Interview 20 ans de la Saturn Jibé Jarraud

Cette semaine, nous avons eu la chance d’interviewer Jibé Jarraud, rédacteur qui a travaillé pour Game Fan, Retro Game Mag, Pix’n Love, il gère le site Ze Player.com, a participé à la création du podcast Les Tauliers (Radio Kawa), et rédacteur en chef en second de Retro Vers Le Futur.


1-Que faisais-tu en 1994-1995 ?

Je terminais le Lycée avec un peu de retard (l’Amstrad 6128 a eu raison de ma cinquième le salaud ).


2- Te souviens-tu  de la date précise a laquelle vous êtes devenu l’heureux possesseur d’une Saturn? Quel bundle ou quel premier jeu avais-tu choisi ?

La date précise non, mais je l’ai achetée courant 1996 en occasion avec quelques jeux. Mon cousin l’avait achetée dès sa sortie, donc j’ai fait mes premières armes sur la sienne.

3-Pourquoi avoir misé sur la nouvelle SEGA ?

J’ai eu une chance folle cependant, J’étais ami avec un gérant de magasin de jeux vidéo qui faisait de l’import. Et comme je faisais de l’import déjà sur Mega Drive et Super Famicom, j’ai rencontré pas mal de joueurs qui avaient déjà de belles collections. Ils sont aujourd’hui des proches. Au magasin, il y avait nombre de jeux importés. Beaucoup de bizarreries, de la daube comme de véritables trésors. Plus personnellement, j’ai retrouvé dans la Saturn la digne héritière de la PC Engine vu la catastrophe de sa successeur la PC FX. Ainsi les jeux très nippons, les dessins animés, le délire permanent avaient fait mouche.

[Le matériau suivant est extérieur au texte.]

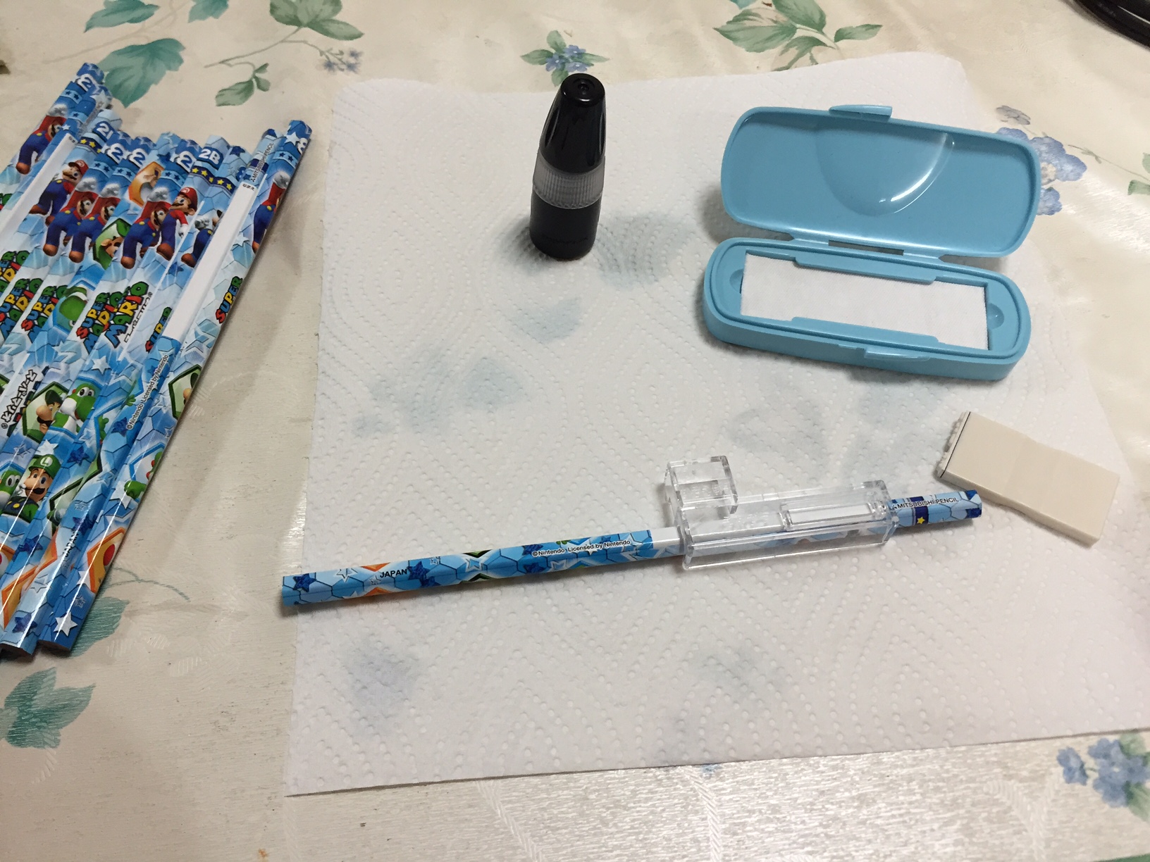 楽天ブログで実施中の『おなまえスタンプ入学準備BOX』サンプリングモニター企画に参加しておなまえスタンプを試してみました!購入はこちら今回はえんぴつに名入れしてみました。鉛筆はコロコロ転がってこれまではとても名入れがやりにくかったのですがこのスタンプには「えんぴつガイド」なるものが付属!えんぴつを押さえてくれてスタンプを押す場所がちゃんとくりぬいてあって失敗しらずでスタンプができました。私がやっているのを見て子供もやらせてほしいと言いましたが小さな手でも上手にスタンプできるくらいえんぴつガイド、優秀でした!いい感じで名入れができました。※名前特定を防ぐため写真を加工してのお披露目でスイマセン… でもすごくきれいにスタンプできてます!引き続きクレパスなどにもスタンプしていきたいです!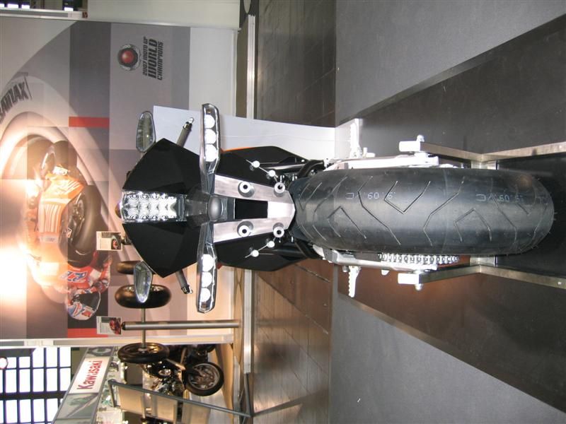 Bei BMW das übliche Reisedampfersammelsurium,neue 450 sieht gelungen aus, nur Vorderkotflügel/Lampenmaske wirken billig und wollen nicht recht zum Rest passen.Die GS800 ist ganz OK,ist denke ich ne gute Kiste ,zum offroadeln muß man aber wieder einiges umbauen und die Karl-Dall-Lampeneinheit gefällt mir schon an der 1200 nicht.HP2 Sport ist schon ein Blickfänger,haben aber wohlweißlich kein Preisschild dran gemacht.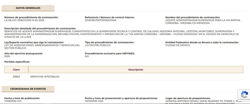 La Secretaría de Infraestructura, Comunicaciones y Transportes (SICT) lanzó una la licitación pública nacional, para contratar los servicios de Agente Administrador Supervisor (AAS) para la instalación de casetas en la vía rápida Córdoba–Orizaba–Ciudad Mendoza.

On avait des choses similaires sur Playstation japonaise, mais non c’est bien sur Saturn que je retrouvais ça. Plus important l’environnement de la machine. La patte SEGA, l’ambiance, les musiques. Ce que je ne retrouvais pas chez Sony, normal ils n’avaient pas d’identité forte à l’époque.

Et puis, Virtua Fighter, Panzer Dragoon, Daytona USA étaient irrésistibles.

4-Que représentait pour toi le passage à cette génération et qu’en attendais tu ?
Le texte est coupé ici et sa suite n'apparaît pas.